Relay-Version: version B 2.10 5/3/83; site utzoo.UUCP
Path: utzoo!mnetor!uunet!seismo!mcvax!enea!sommar
From: sommar@enea.UUCP (Erland Sommarskog)
Newsgroups: comp.std.internat
Subject: Character representation
Message-ID: <2171@enea.UUCP>
Date: Tue, 11-Aug-87 17:08:37 EDT
Article-I.D.: enea.2171
Posted: Tue Aug 11 17:08:37 1987
Date-Received: Fri, 14-Aug-87 01:43:29 EDT
Reply-To: sommar@enea.UUCP(Erland Sommarskog)
Followup-To: comp.std.internat
Organization: ENEA DATA Svenska AB, Sweden
Lines: 30

Two things have inspired me to this article:
1) The reading of the (proposed) standards ISO/Latin 1-4.
2) The discussion "What is a byte".
Reading the standards you discover that there is a whole lot of
letters you never dreamt of, but still there is something common.
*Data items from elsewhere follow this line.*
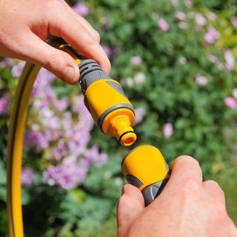 Joins hoses and accessories via 1/2 inch 12.7mm female quick fit garden hose connectors.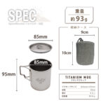 <スペック> サイズ:【本体】Φ8.5cm×9.5cm 74g 【蓋】18g 素材:チタン 商標登録番号:第6271285号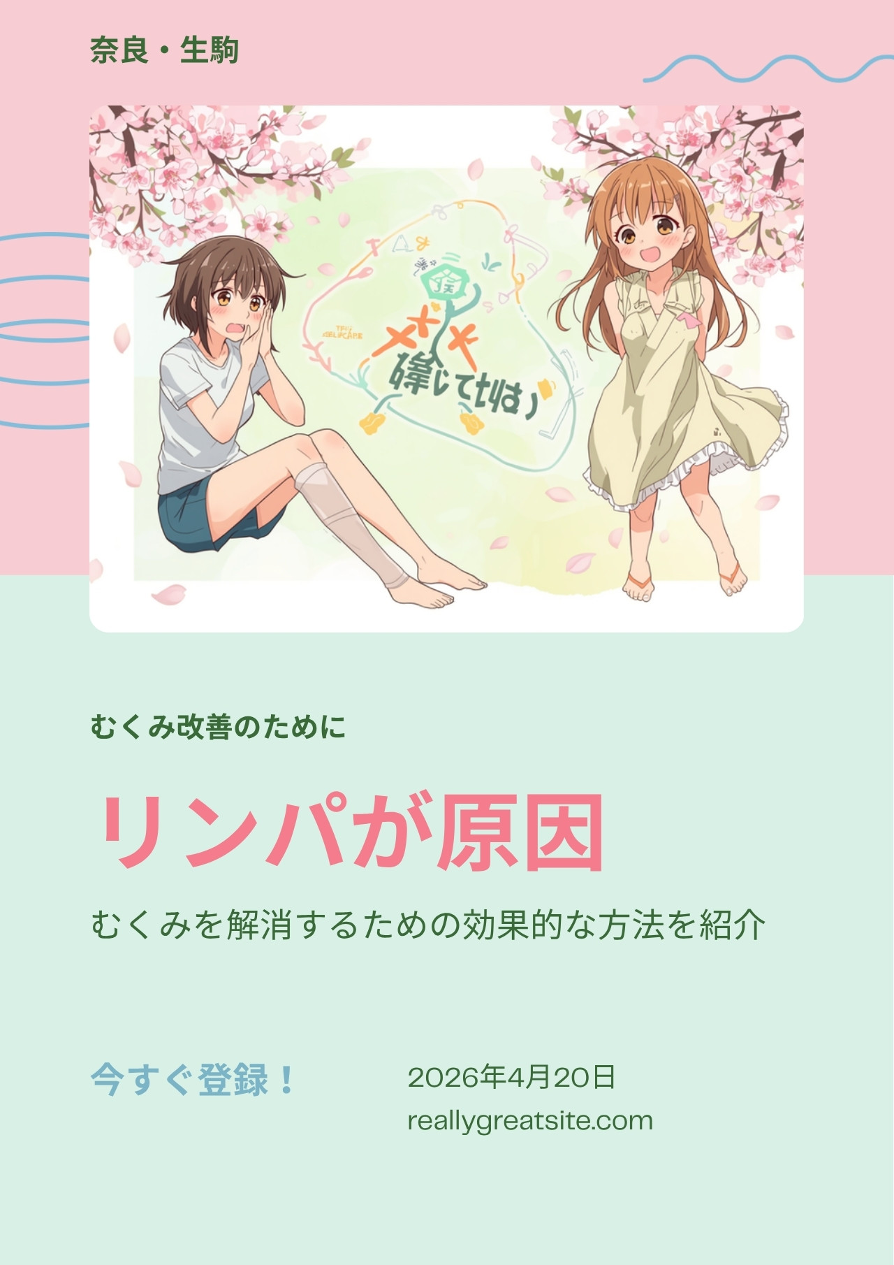 奈良・生駒市の整体院「若-waka-」では、リンパケアに特化した施術で春のむくみ・だるさ・疲労感をサポートしています。生駒 むくみ・東生駒 整体でお悩みの方は、ぜひ一度ご相談ください。体を内側から軽くして、毎日を快適に過ごしましょう。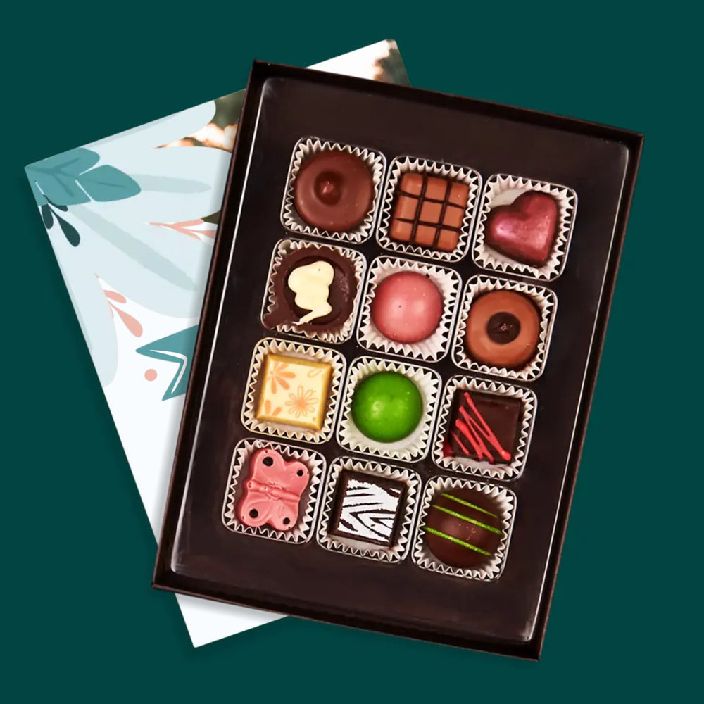 Leckere Pralinen aus belgischer Schokolade in einer eleganten Schachtel, individuell personalisiert.
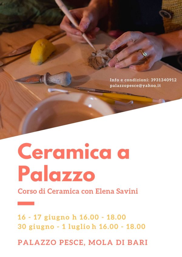 A partire dal 16 giugno, per due weekend, prenderà vita il primo Corso di Ceramica organizzato dall'Atelier delle Arti a Palazzo Pesce a cura della docente Elena Savini. Il corso si rivolge a tutti coloro che vogliano esprimere la propria creatività utilizzando la tecnica artigianale della lavorazione e ceramizzazione dell'argilla. L'obiettivo è apprendere come produrre... Continua a leggere →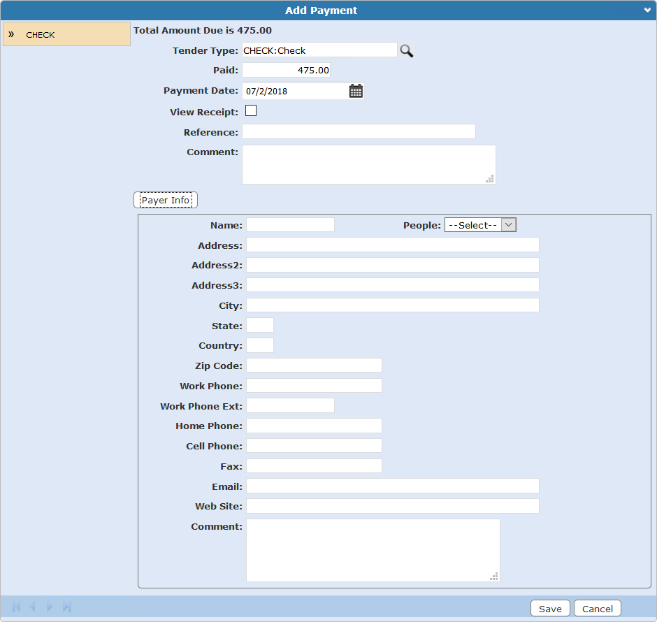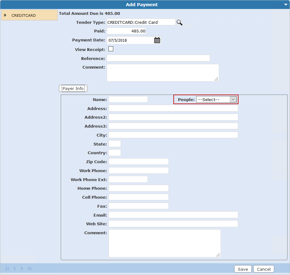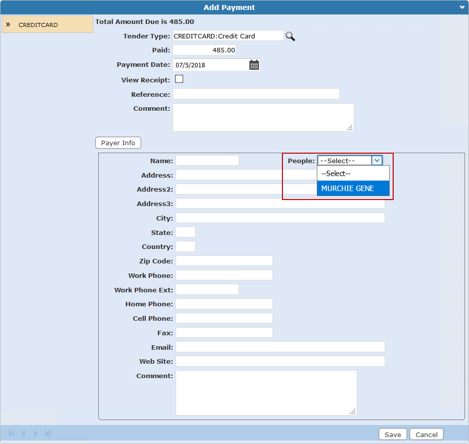 You can add who made the payment on fees or deposits manually or use the People drop-down list.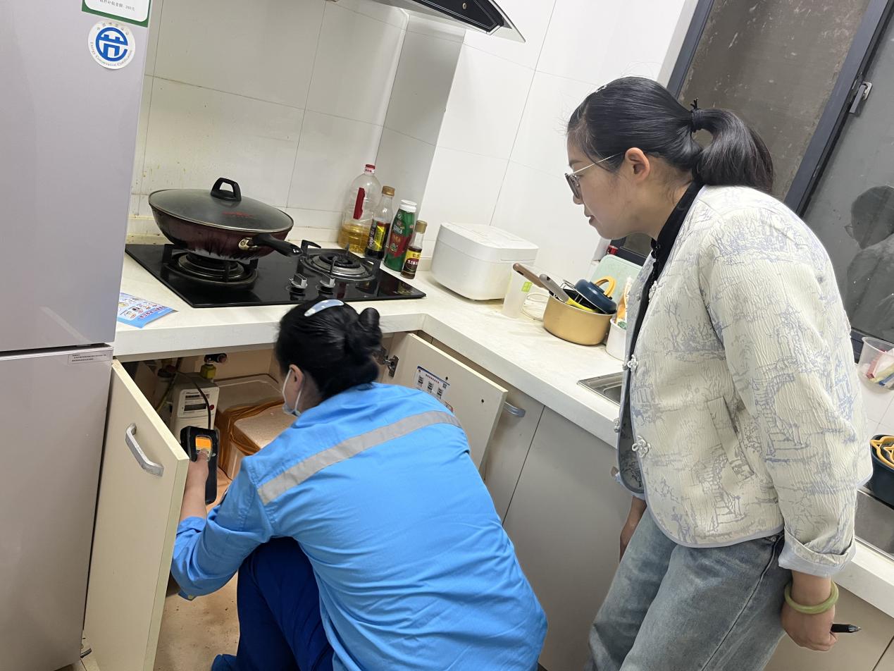 工作人員對燃?xì)庥脩糸_展逐戶檢查,重點對天然氣接口軟管是否老化、燃?xì)馄骶呤欠癯谑褂?、是否有熄火保護(hù)措施,燃?xì)忾y門是否正常使用等問題進(jìn)行全面檢查。在檢查過程中,發(fā)現(xiàn)廚房操作間積堆物品、線路交叉重疊等現(xiàn)象,要求客戶立即整改。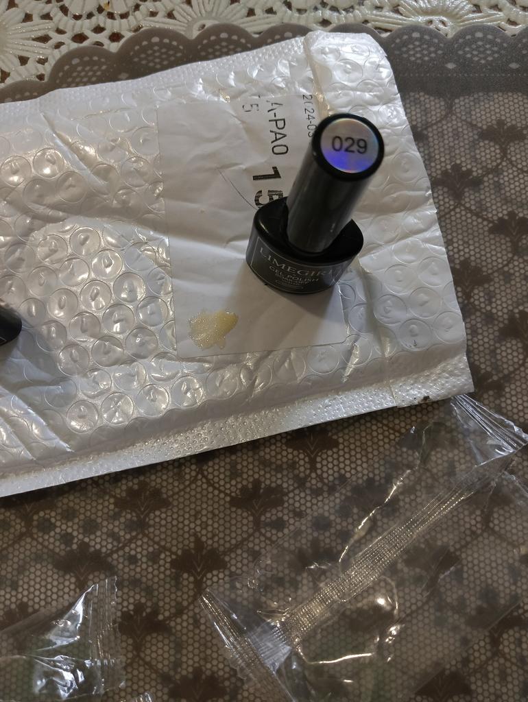 Получила свой заказ(топ и базу для ногтей) сегодня, 10 ноября, спасибо. Упакованы флакончики по одному в пакетики с пупыркой, и вложены ещё в пакетики с замочком
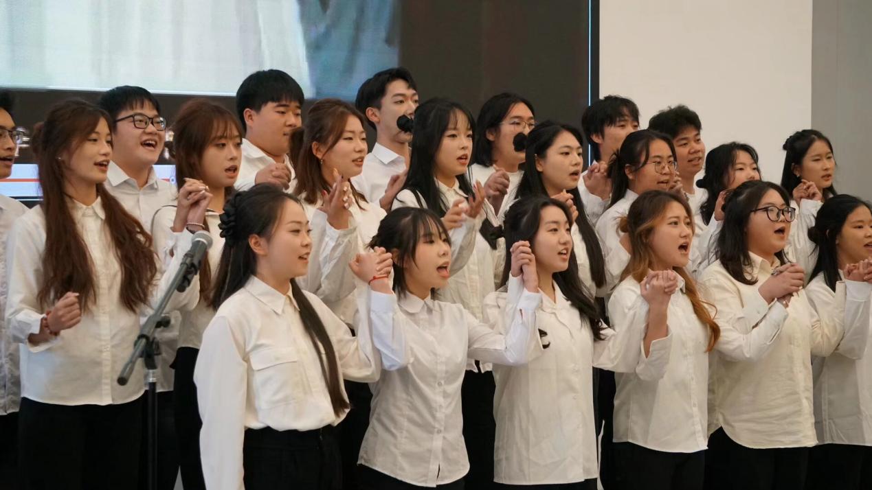 比赛现场光影交织,掌声如潮。各班按序登台,凭借出色的舞台表现与富有创意的编排,集中展示了团队的凝聚力与艺术才华。演绎的曲目既有《我们都是追梦人》的奋进号角,也有《紫荆花盛开》的深情礼赞,更有《国家》的磅礴情怀。同学们用歌声诠释经典,唱出了青年之志、家国之思,也完成了红色精神的当代表达。本次活动成功将艺术舞台转化为思政课堂,是学院推动美育工作与思想引领深度融合的一次生动展示。

(I'm only talking latin letters, but it applies to Greek and Cyrllian
as well.) With some few exceptions it is the same letters that 
reappears, they are just modified in some ways. They have accents,
cedillas, ring, dots, strokes etc. Thus, many are combinations of
two or more characters.
  
The standards is an attempt to satisfy the requirements for the
different languages by assigning each combination an integer
value. But isn't a character a more complicated data type
than just a simple enumeration type? In some languages the
combination may constitute a new letter ("a" with ring and dots,
"o" with dots in Swedish), in other you can apply accents and
other signs without affecting the sorting. (E.g. French, Italian)
  I think that the simple represenatation for charcters is completely
due the dominating position of the English language in the computer
world. If computers had been invented in France the problem would
have been solved. (And if they had been Swedish, Englishmen would
have to accept "v" and "w" being equivalent.)
  The conclusion is that a more sofisticated approach muct be taken.
However, I must admit that I do not have any bright proposals right
now, yet think of it!-- 

Erland Sommarskog       
ENEA Data, Stockholm    
sommar@enea.UUCP